April 8, 2011

Performance Engineering – SSD file systems.

Solid state device threatens to challenge and change existing computing paradigms.

While traditional disk access times are of the order of a few milli seconds, ssd access times are under 100 micro seconds for reads and writes respectively. Speeding up by a factor of 100. And that is significant.

Operating system components have evolved over the last 4 decades at a much slower speed. For an enterprise platform like IBM AIX or HPUX it takes A few years (my guess is a minimum 6) to push a new technology. The cycle is as follows – a new hardware technology is invented. OS vendors take a few years to adopt and evangelize. Enterprise customers longer to test, adopt and deploy.

SSD promises to deliver better performance by lowering IO latency and increasing throughput.

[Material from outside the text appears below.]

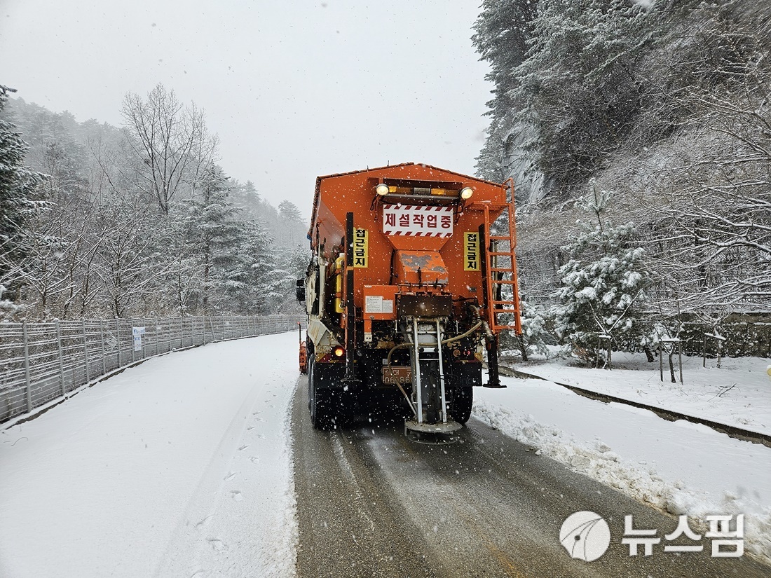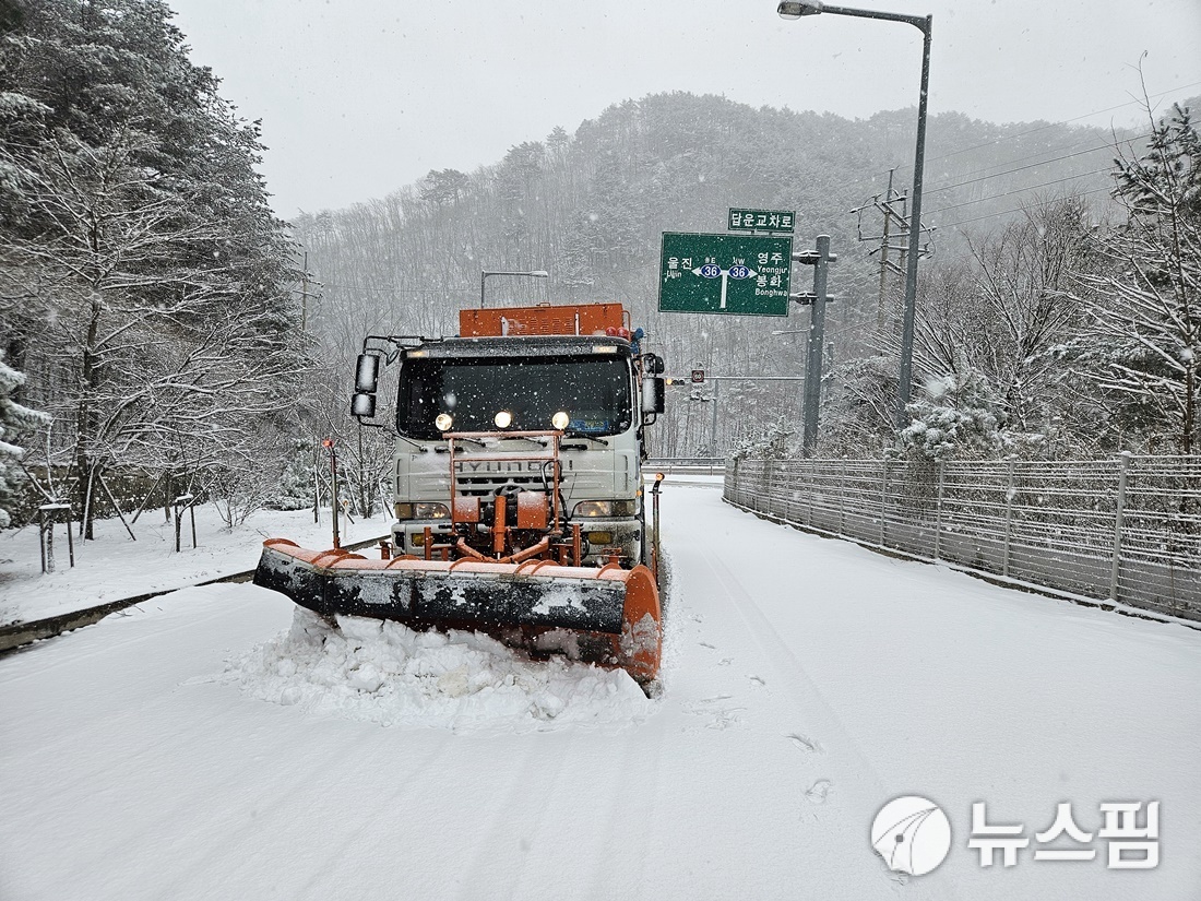 또 국토관리청 울진 출장소와 경북도 북부 사업소도 제설 차량 4대와 인력 8명을 투입해 취약 도로 제설 작업에 주력하고 있다.

File systems have evolved to do the same. Specialized caches have been invented to speed up performance. For example directory name lookup cache, page cache, inode cache, large directory cache, buffer cache and so on.

Quite a lot of focus is on being clever with reads and writes of application data. Engineers go to great extents to squeeze the last bit of performance out of the system. Sadly performance is not a main consideration during implementation (functionality is) and is often times applied as an afterthought.

The result is hacks rather than elegant solutions to performance issues.

Coming back to SSDs – a large portion of the file system implementation has to be re looked at and parts of it have to be thrown away completely. Especially true when complete filesystems are laid out on SSD. We need to look at how filesystems can take advantage of SSDs.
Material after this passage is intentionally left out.